# ☕ Data Extraction: Merida Coffee Shops

This data acquisition part uses two services from the Google Places API within the Google Maps Platform to collect data for coffee shops in Merida, Yucatan.  

---

## Google Places API Workflow

This project follows a two-step extraction process:

1. **Places Text Search (New)** – performs text-based queries to extract the Place IDs.
2. **Place Details** – uses the collected Place IDs to retrieve the complete metadata for each place.

---

## 1. Defining the Search Area

The Google Places API provides two parameters to geographically constrain results: **locationBias** and **locationRestriction**.  
Since this project requires strict adherence to Merida’s municipal limits, the **locationRestriction** parameter is selected.
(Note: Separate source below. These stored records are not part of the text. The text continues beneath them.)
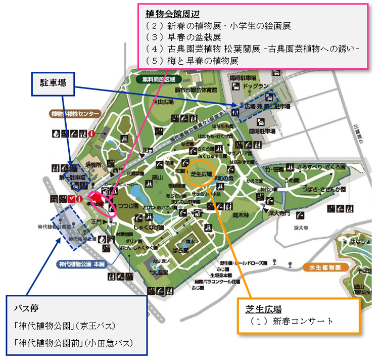 진대(神代)식물공원은 새해 1월 2일(금)부터 개원하며, 신춘 콘서트와 겨울모란 등 새해 분위기를 느낄 수 있는 식물 전시로 여러분을 맞이합니다. 철쭉원 연못에서는 겨울철 풍물시인 ‘눈덮개(설승, 雪吊り)’도 감상하실 수 있습니다. 진대식물공원에서 밝은 새해의 한때를 보내시기 바랍니다.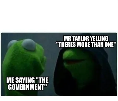 Funny Me Saying "the government" Mr Taylor yelling "theres more than one" Meme Template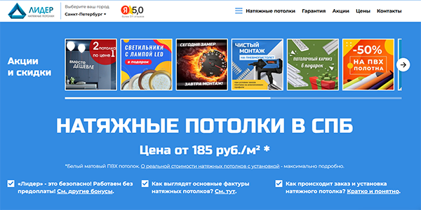 Один из признанных лидеров рынка СПб с более чем 15-летним опытом работы. «Лидер» — надежный и ориентированный на клиента подрядчик, предлагающий качественные натяжные потолки по разумным ценам и без предоплаты: клиент оплачивает заказ только после завершения монтажа и приемки результата. Специалисты фирмы выполняют работы разной сложности — от классических ПВХ-потолков до сложных дизайнерских конструкций, в том числе на коммерческих объектах. Для удобства клиентов на сайте есть онлайн-калькулятор для точного расчета стоимости монтажа без лишних звонков. «Лидер» ценят за большое портфолио готовых объектов, подтверждающее опыт и профессионализм, оперативный монтаж от одного дня, длительную гарантию до 15 лет. Эти преимущества дают компанию одной из лучших в Санкт-Петербурге.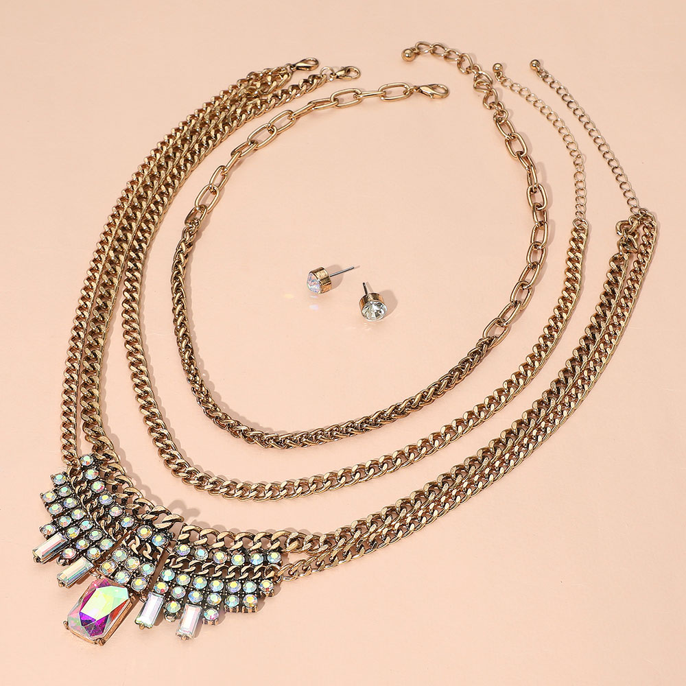 Details • Necklace 1 Size : 17" + 2.5" L, 0.25" L • Necklace 2 Size : 19" + 3.25" L, 1.75" L • Necklace 3 Size : 16.5" + 3.5" L, 0.25" L • Earrings Size : 0.3" L • Elevate your outfit with this striking multi-layer necklace featuring shimmering crystal details and matching studs. A bold, elegant accessory set perfect for special occasions or standout style moments. • Lead and Nickel Compliant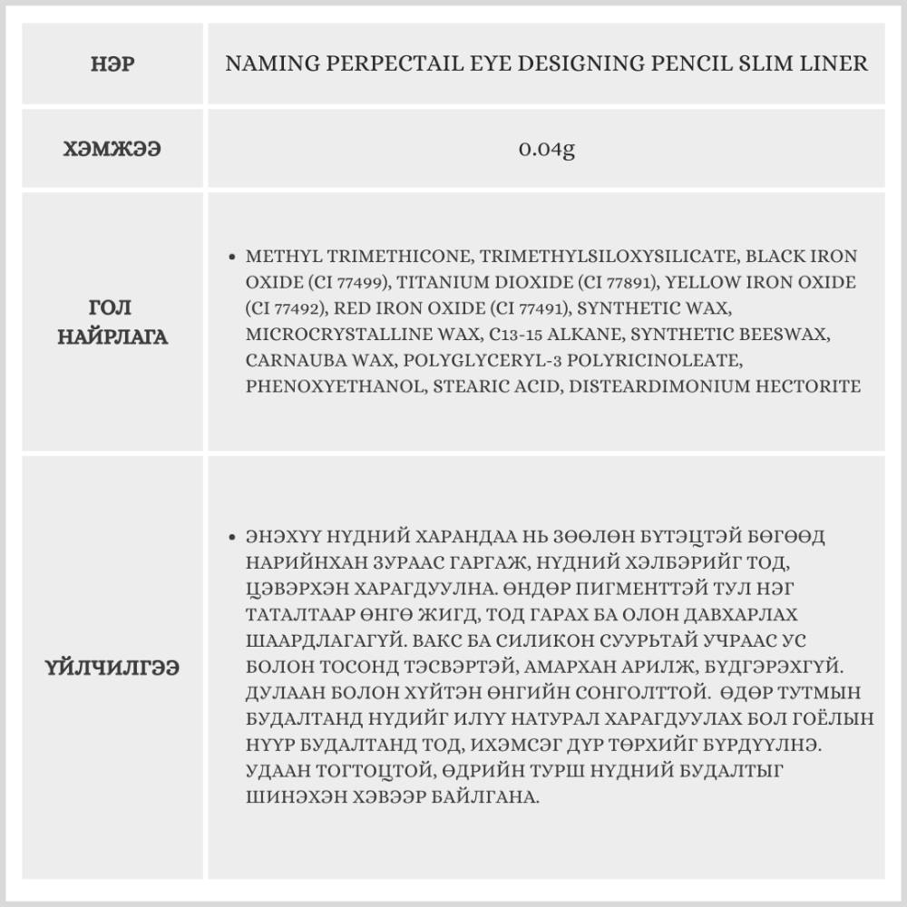 Энэхүү бүтээгдэхүүн нь нүдний будалтыг нарийнхан, цэвэрхэн харагдуулах үйлчилгээтэй, нүдийг илүү натурал харагдуулах нимгэн үзүүртэй нүдний харандаа юм. Ус болон тосны хамгаалалттай учир амархан урсахгүй, тогтоц сайтай бүтээгдэхүүн юм. Бэлгэнд өөр өнгийн 1 харандаа дагалдана.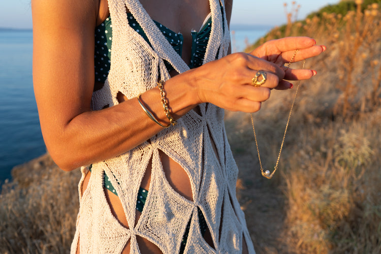 Crafted from hypoallergenic 316L stainless steel and coated with 14K recycled gold using advanced PVD technology, this piece is designed for daily wear β from coffee to cocktails.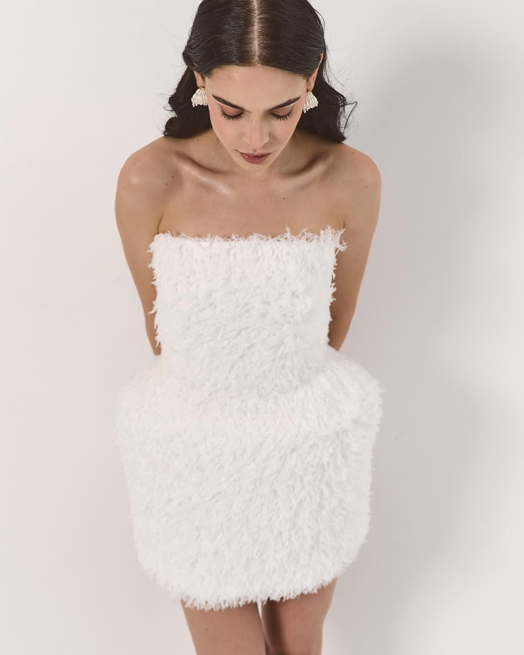 Определённо, фаворит всех невест — мини! Особое внимание уделяется ткани и силуэту: актуальны фактурные материалы, архитектурные драпировки, чёткие линии.
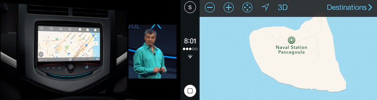 Psal se rok 2013, když Eddy Cue představil ukázku funkce v revolučním iOS 7 s názvem „iOS in the Car“. Na plátně na pódiu mohli účastníci konference vidět ukázky vozů, kompatibilních s iOS in the Car. „Co kdyby se iOS objevil na vestavěné obrazovce ve vašem voze?„, ptal se Cue sugestivně patnáct minut před koncem dvouhodinové Keynote, a následně ukázal, jak by to vypadalo, kdyby uživatel prostřednictvím tohoto rozhraní například provedl telefonní hovor. Nakonec se ale realita od představy, kterou si o iOS v autě mohli lidé udělat v roce 2013, značně lišila.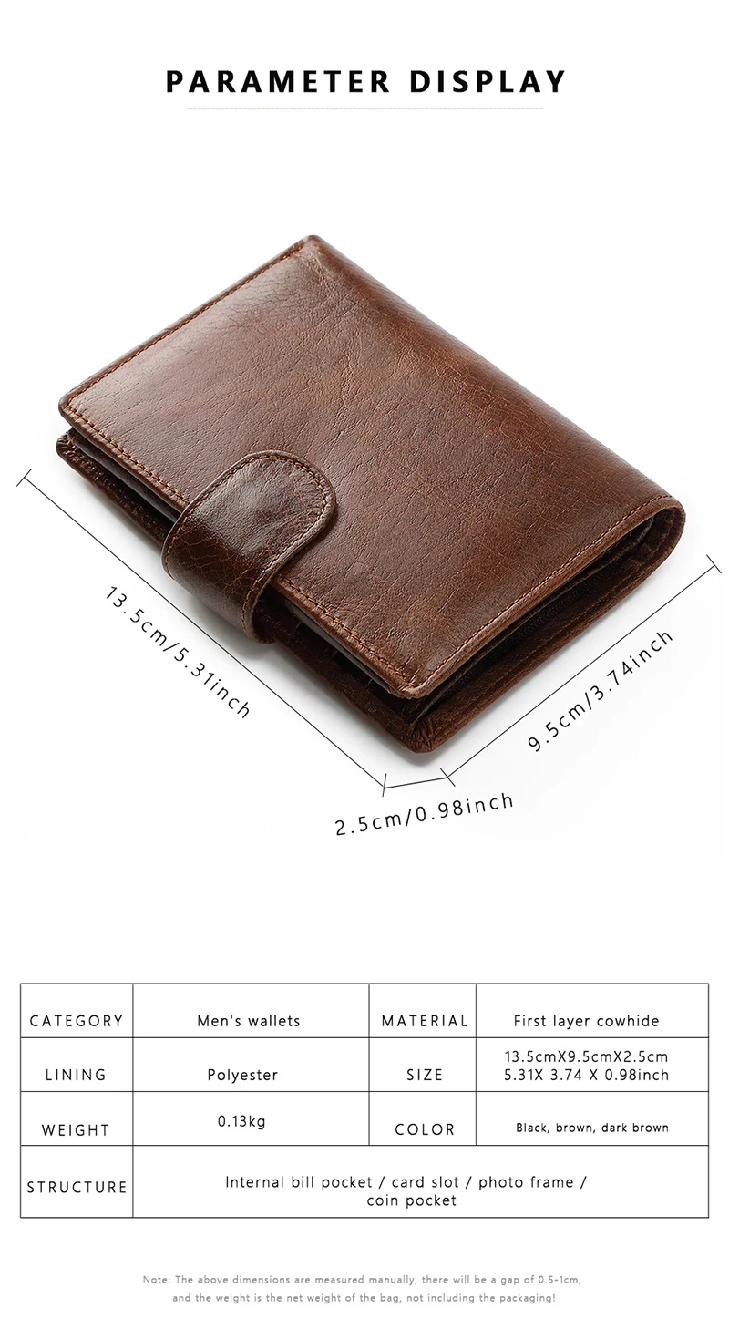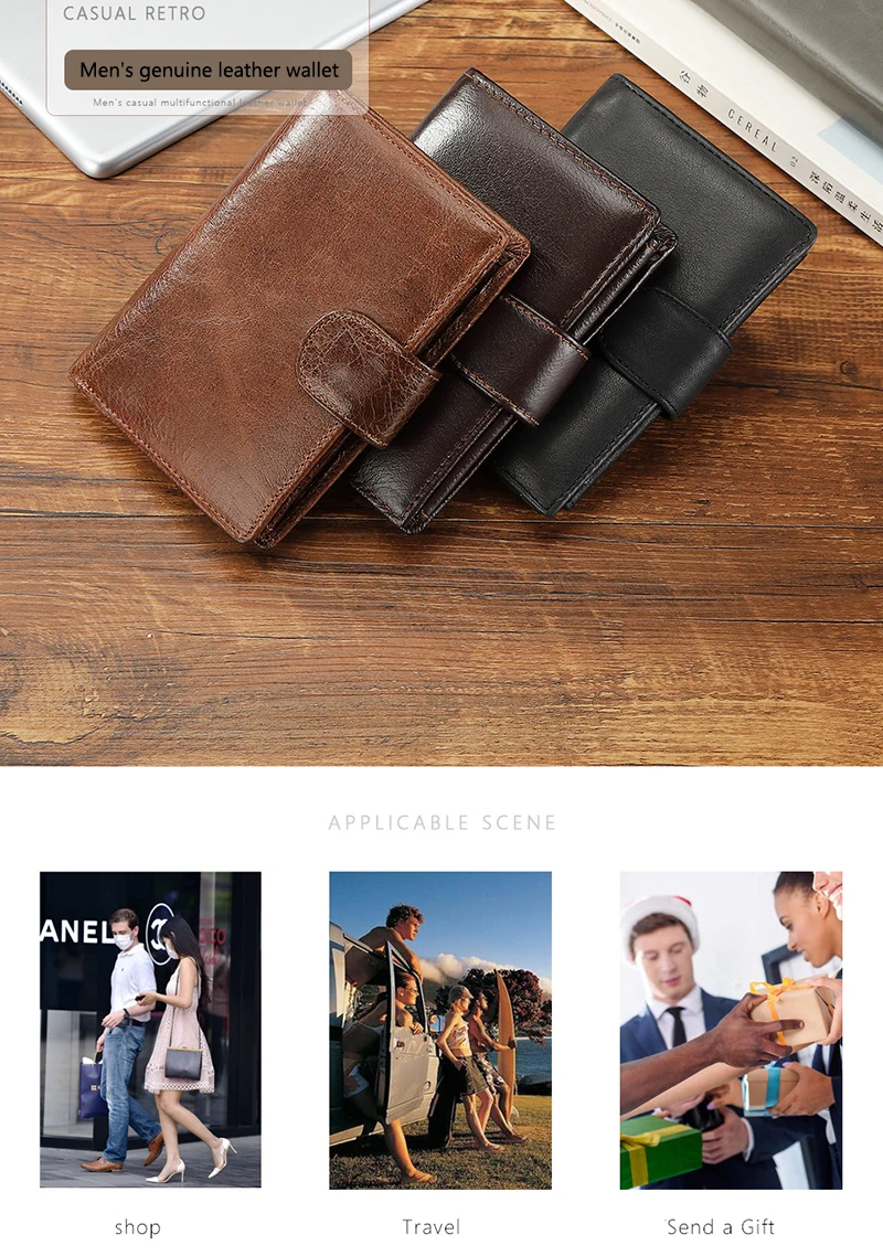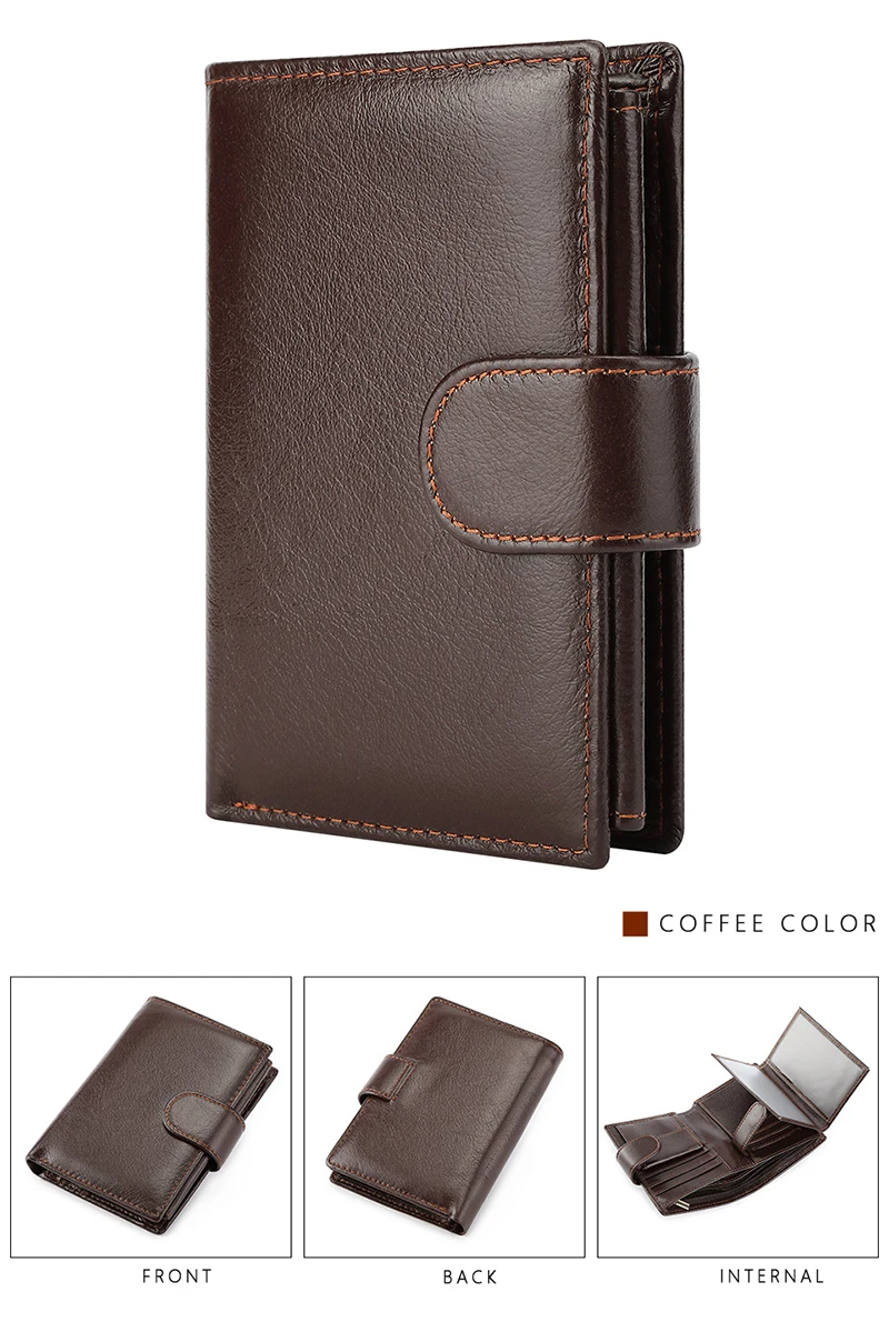 - > Carteira retrô masculina de couro legítimo, novos porta-cartões curtos, camada superior de couro de vaca, bolsa para moedas, bolso de couro com zíper, clipes de dinheiro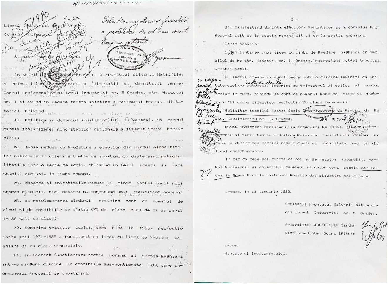 "Az Oktatási Minisztériumban azt mondták a delegációnak, hogy addig nem vehetik figyelembe a kérvényt, amíg a Nemzeti Megmentési Front tanügyi bizottsága nem hagyja jóvá azt, ezért először oda küldtek. Annak a bizottságnak a székhelye a Victoria-palotában volt, amit tankokkal és fegyveres katonákkal őriztek, nem lehetett oda csak úgy bemenni." Valahogy azonban mégis sikerült bejutniuk az épületbe. "A tanügyi bizottságban volt egy fiatalabb férfi, aki nagyon csodálkozott azon, hogy mit kérünk tőle. »Romániában tényleg van magyar iskola? Vajon jót teszek, ha aláírom?« – kérdezte csodálkozva, és a román kollégák kezdték győzködni, hogy igen." Akkor lepecsételte és aláírta a kérvényt a következő szöveggel: "Kérjük a probléma mielőbbi kedvező megoldását." A lepecsételt dokumentummal másnap, január 20-án délelőtt visszamentek a minisztériumba, Pálfalvi Attila pedig átvette tőlük az iratot. Délután ötkor jött ki, a dokumentumon pedig rajta volt Mihai Șora oktatási miniszter aláírása.

It defines a bounding box that limits all returned results to the specified area, ensuring spatial precision and consistency.

#### Gridding the City with Folium

Because the Google Places API limits each query to 20 results, Merida’s area is subdivided into smaller rectangular viewports.  
Each grid cell defines a separate locationRestriction (SW and NE coordinates) and is queried independently with the Text Search service.  
Once all Place IDs are collected, the **Place Details** service is called to extract complete metadata for each identified place.

The **Folium** library is used to visualize and verify the grid layout, ensuring full coverage of the study area and validating the data extraction process.


In [25]:
import folium

#Create the map of Merida using an approximate center point.
m = folium.Map(location=[20.9939879883004, -89.62853393602846],min_zoom=12)
delta = 0.0135 #The variable “delta” controls how “large” each rectangle is.

initial_lat, initial_lng = 20.891532412575916, -89.73272017481521 #This is the initial SW point where the loop start to create the other viewport rectangles. 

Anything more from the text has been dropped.